On Thursday, the European Parliament adopted a resolution on the respect for human rights in Iran.

Iran: in particular the poisoning of hundreds of schoolgirls

Referring to numerous incidents since November 2022, where thousands of girls and women across Iran have been attacked with toxic chemicalsto prevent them from attending education, MEPs condemn in the strongest terms this atrocious attempt to silence women and girls.

Urging authorities to ensure girls have non-discriminatory access to education, MEPs call on the Iranian regime to repeal any legislation that discriminates against girls and women.
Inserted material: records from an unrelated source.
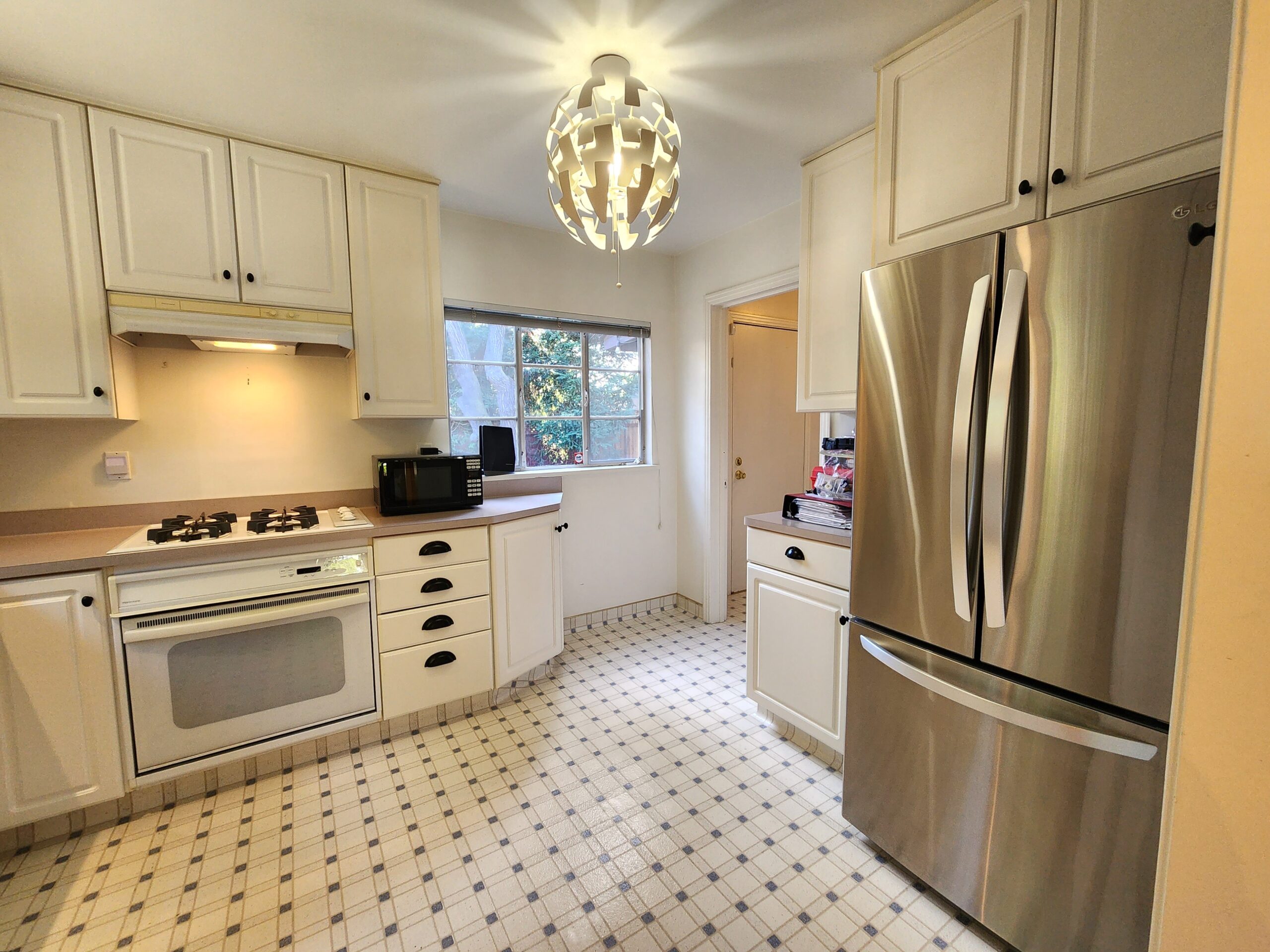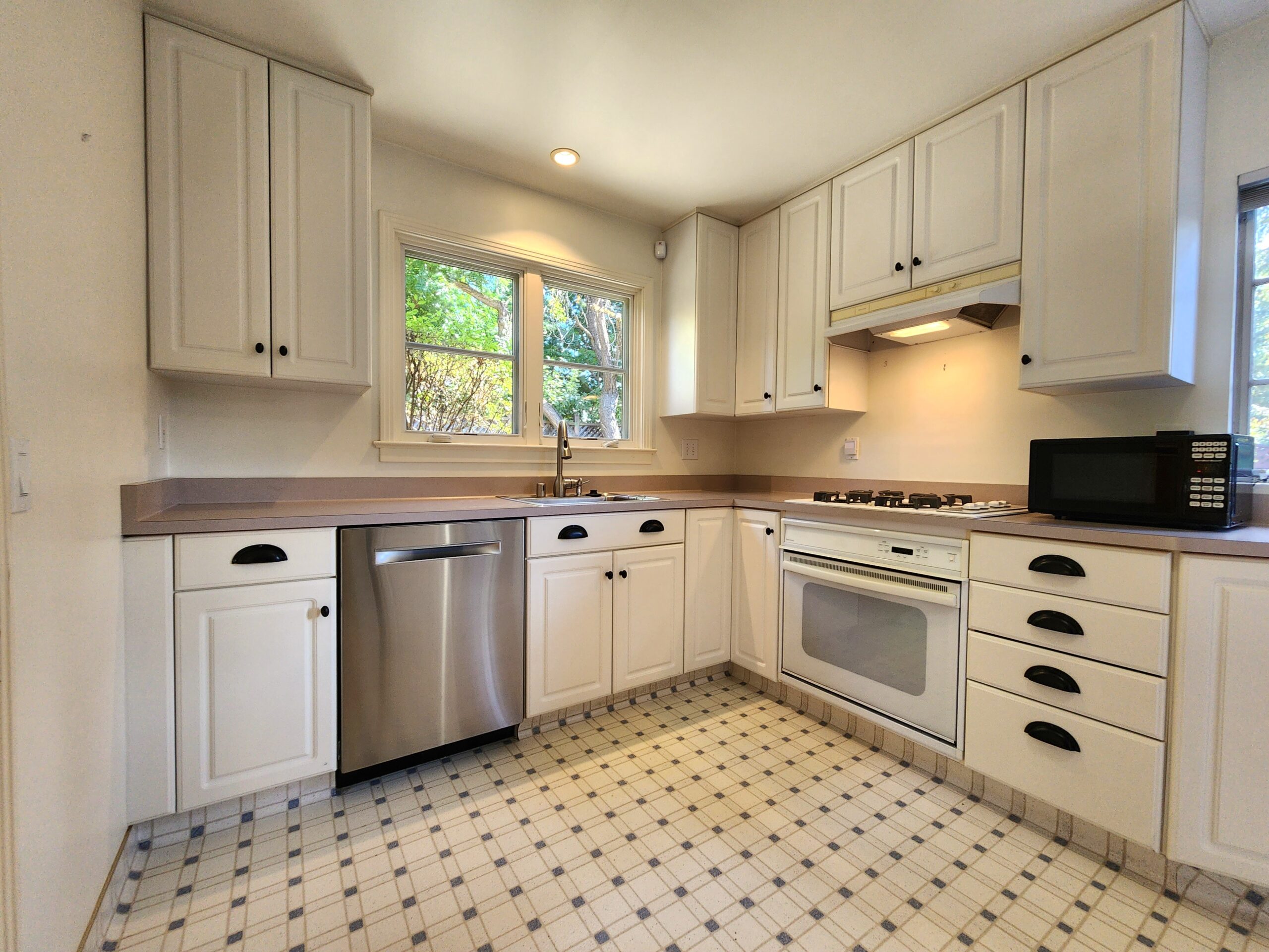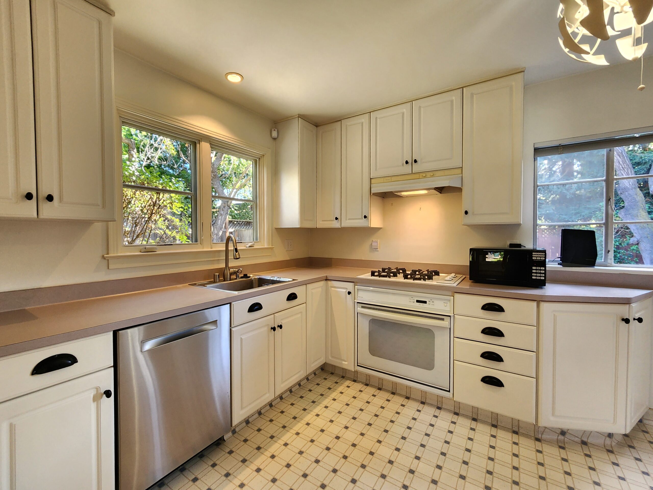 The updated kitchen boasts sleek appliances, including a refrigerator, stove, microwave, and dishwasher. It’s a chef’s dream, making meal preparation a breeze.
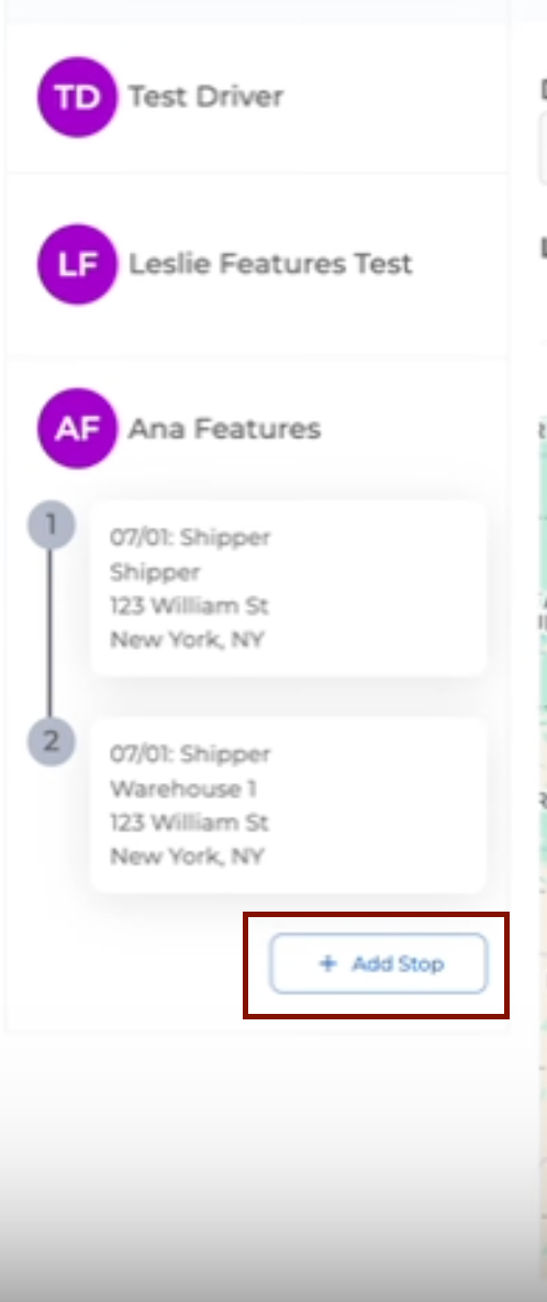 - Click on a load (e.g. Load 1007 or 1008) to view its stops.
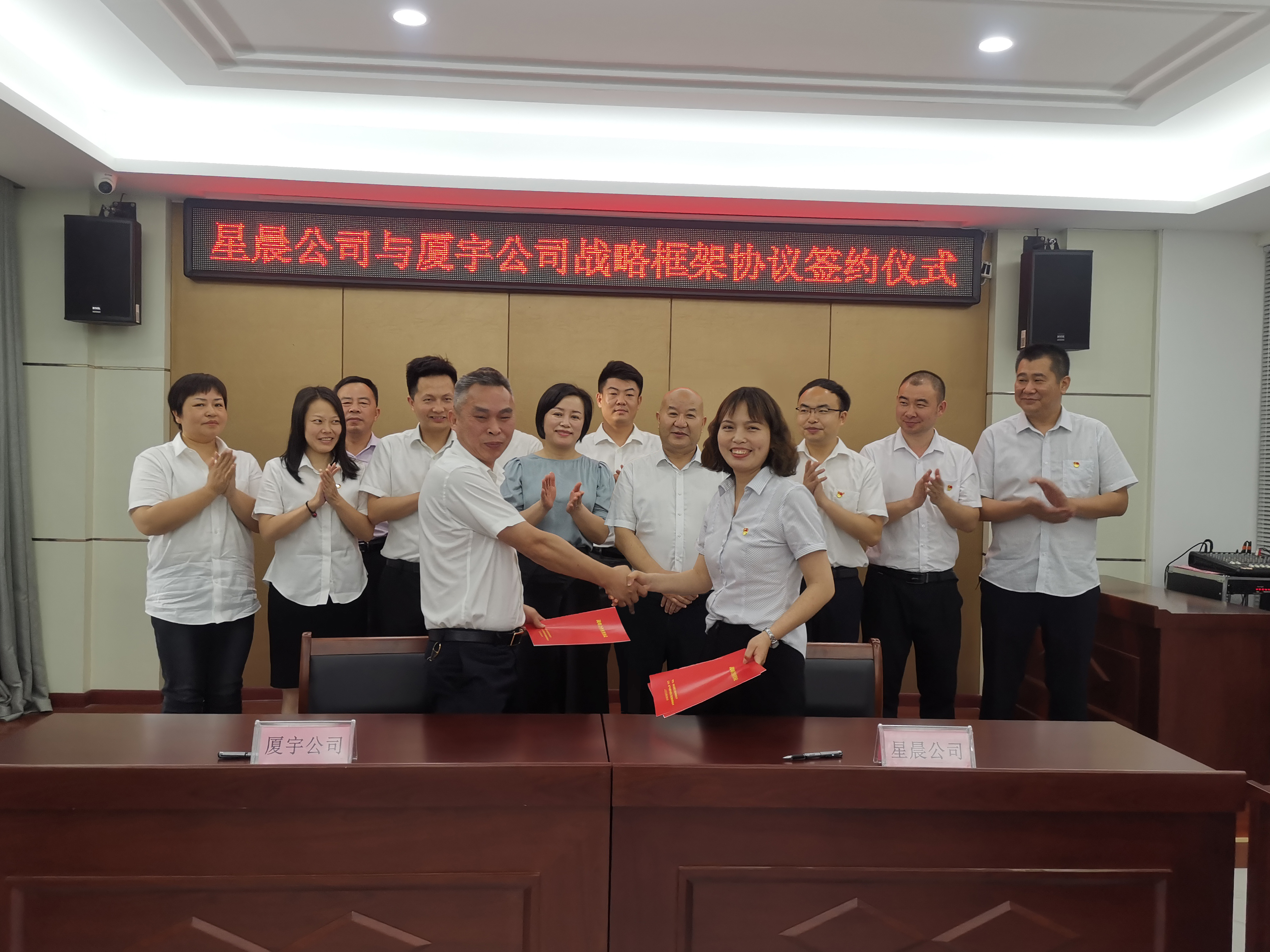 致辭結束后,星晨公司胡蓉董事長與廈宇公司王勇董事長代表雙方企業(yè)在合同上正式簽約,這標志著雙方戰(zhàn)略合作正式開啟。
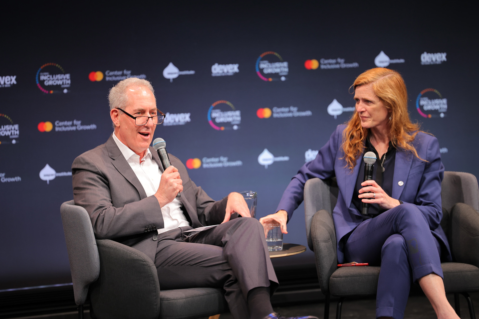 Mike Froman, left, Mastercard's vice chair and president of Strategic Growth, and USAID Administrator Samantha Power, shared insights on how public-private partnerships can build a trusted digital ecosystem that supports democratic principles and fosters inclusive and sustainable economic development. (Photo credit: Isaac Latimer)
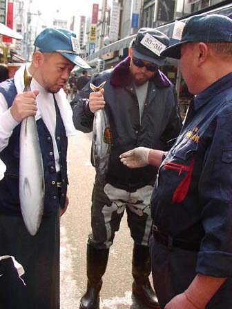 次は魚屋さんへ移動。お店の社長さんから、プロっぽい魚の持ち方を教わるお二人。
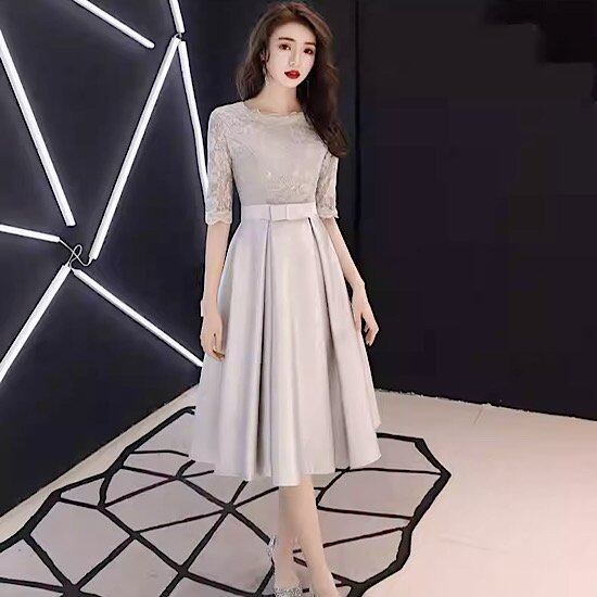 結婚式ドレス ラウンドネック 無地 ミモレ丈 ハイウエスト 発表会 演奏会 レディース 結婚式 ステージ衣装 エレガント カラードレス イブニングドレス 五分袖 フレアスカート 煌めき

They urge the UN Human Rights Council to task the Independent International Fact-Finding Mission with an independent investigation into the schoolgirl poisonings and for those responsible to be held accountable. The resolution condemns the regime’s months-long failure to act on, as well as its deliberate suppression of, credible reports of systematic toxic attacks against schoolgirls and calls on the Iranian authorities to let the International Mission and the UN Special Rapporteur have full access to information on the situation of human rights in the country.

Parliament also repeats its call to the Council to designate the Islamic Revolutionary Guard Corps as a terrorist organisation and to expand the EU sanctions list, including under the EU Global Human Rights sanctions mechanisms, to all those responsible for human rights violations in Iran, including Supreme Leader Ali Khamenei, President Ebrahim Raisi, and Prosecutor General Mohammad Jafar Montazeri.

The resolution was adopted by 516 votes in favour, 5 against and 14 abstentions.